Fahrer in autonomen Fahrzeugen reagieren besser auf akustische und haptische als auf rein visuelle Signale; Nuance und das Deutsche Forschungszentrum für Künstliche Intelligenz DFKI intensivieren die Zusammenarbeit mit einem Büro auf dem Forschungs-Campus.

Nuance erweitert seine Partnerschaft mit dem Deutschen Forschungszentrum für Künstliche Intelligenz (DFKI), der weltweit größten wissenschaftlichen Forschungseinrichtung für Methoden und Anwendungen auf dem Gebiet der Künstlichen Intelligenz (KI). Nuance ist ab sofort mit einem eigenen Büro auf dem DFKI-Campus in Saarbrücken vertreten und wird gemeinsam mit dem DFKI zu KI und Mensch-Maschine-Interaktion forschen. Konkret geht es um Anwendungen in selbstfahrenden Autos, im Gesundheitswesen und in der Omnichannel-Kundenbetreuung.

Eine gemeinsame Initiative von Nuance und DFKI fokussiert die Anwendung von KI in Systemen für das autonome Fahren. Benötigt werden intelligente kooperative Fahrerassistenzsysteme, die den Fahrer bei Bedarf effektiv in den Fahrmodus zurückholen.
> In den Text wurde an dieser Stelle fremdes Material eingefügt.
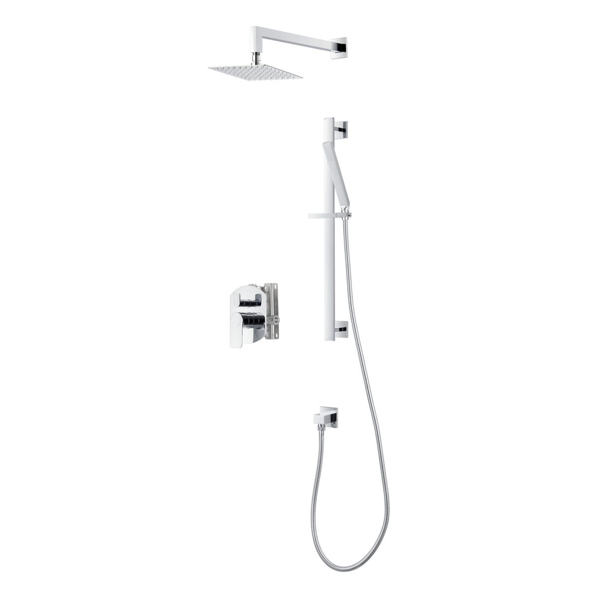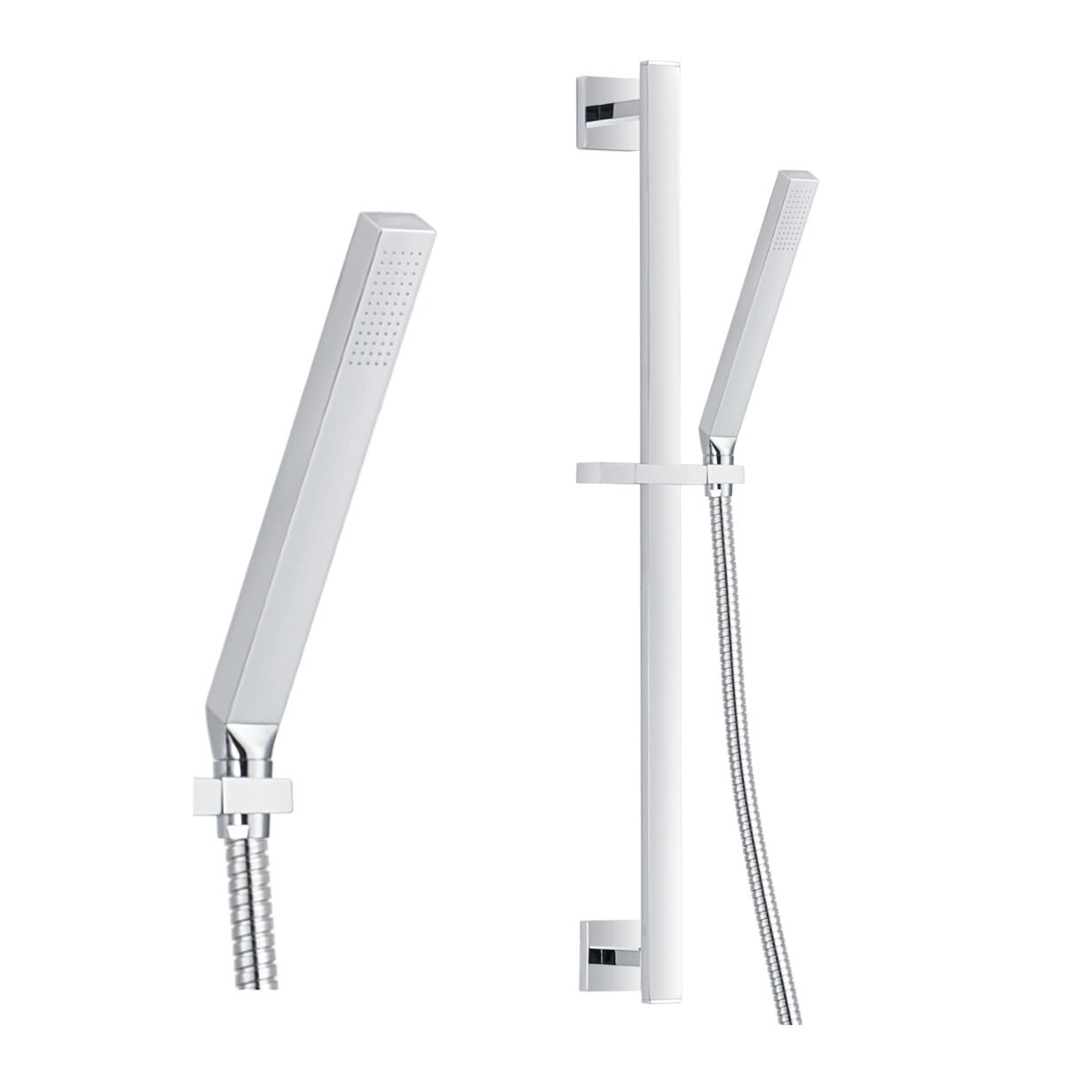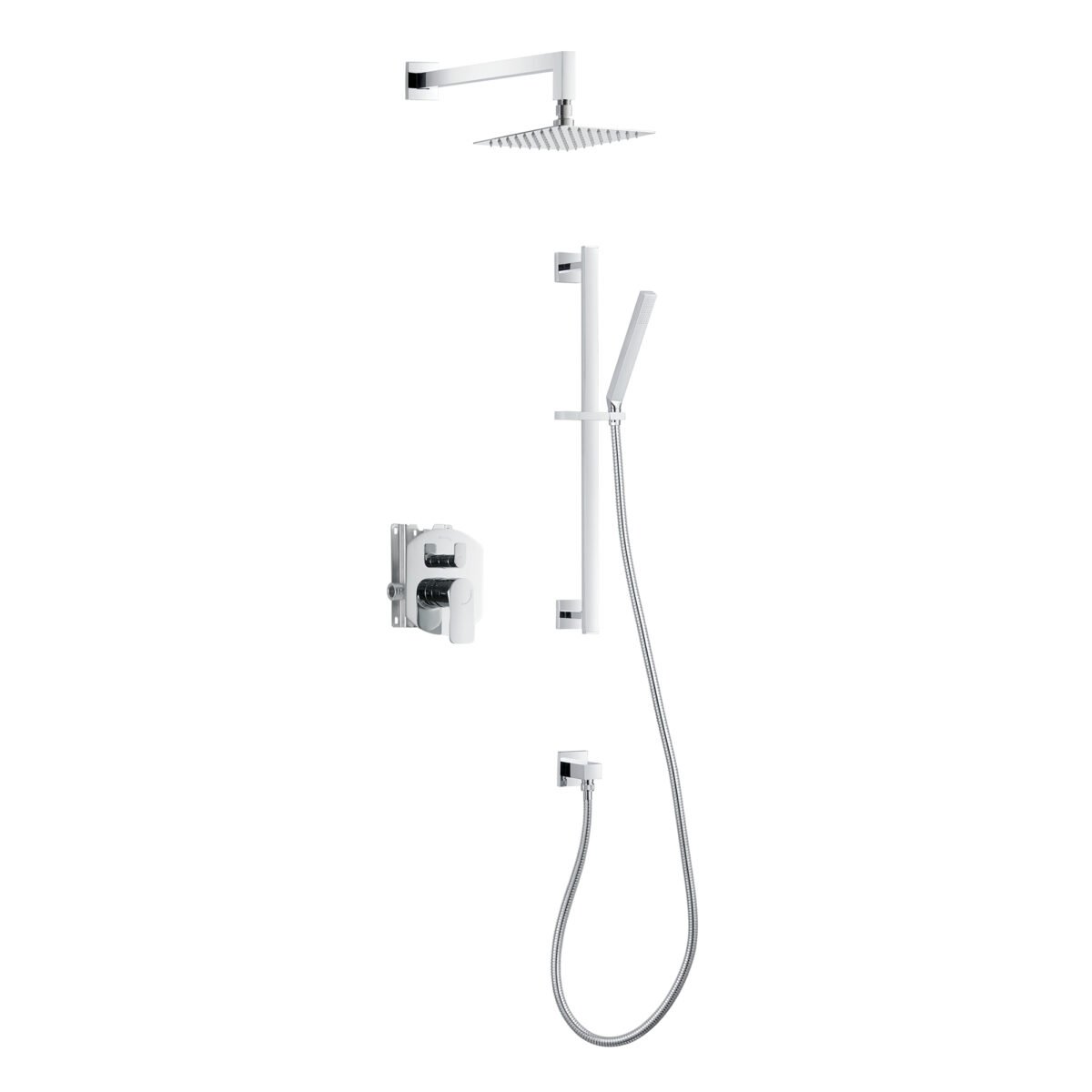 The ELENA akuaplus® pressure balance shower set is designed to deliver performance, versatility, and durability for modern residential bathroom installations. Made of brass and stainless steel, the set includes a brass shower valve equipped with a pressure balance cartridge that maintains consistent water temperature while minimizing sudden pressure fluctuations. The 3-way diverter allows use of the showerhead, the hand shower, or both simultaneously. The valve includes an integrated shut-off valve and 1/2" female threaded connections compatible with standard plumbing installations. The set features a 15 3/4" (40 cm) wall mount shower arm with flange for secure installation. The 8" (20 cm) swiveling showerhead includes easy-to-clean anti-limescale nozzles for simplified maintenance. The 1-setting hand shower provides straightforward functionality. A 26" (66 cm) shower post with adjustable hand shower holder ensures ergonomic flexibility. The 59" (1.5 m) double interlocking stainless steel hose with brass fittings provides durability and corrosion resistance. A brass elbow fitting (male/male, 1/2") is included to complete the installation. Maximum flow rate is 9.5 L/min (2.5 US gal/min). A bathtub spout is available as an option: SP7726BL or SP7726CP. Designed for residential applications, this set is cUPC certified, ensuring compliance with North American plumbing standards.

In der Zukunftsvision des selbstfahrenden Autos haben die Insassen mehr Zeit, um sich zu unterhalten oder zu arbeiten, zum Beispiel, um Filme zu sehen, zu spielen, zu lesen oder lange Pendelzeiten mithilfe von Apps und Services produktiver zu nutzen. Allerdings muss die Steuerung des Fahrzeugs schnell und nahtlos an den Fahrer übergeben werden, wenn dessen Eingreifen erforderlich ist. Um die Umstände der vielen Szenarien besser verstehen zu können, in denen die Steuerung durch den Fahrer erforderlich ist, haben Nuance und DFKI eine Usability-Studie durchgeführt. Zielsetzung war, herauszufinden, wie die Aufmerksamkeit des Fahrers in diesem Fall am effektivsten geweckt wird.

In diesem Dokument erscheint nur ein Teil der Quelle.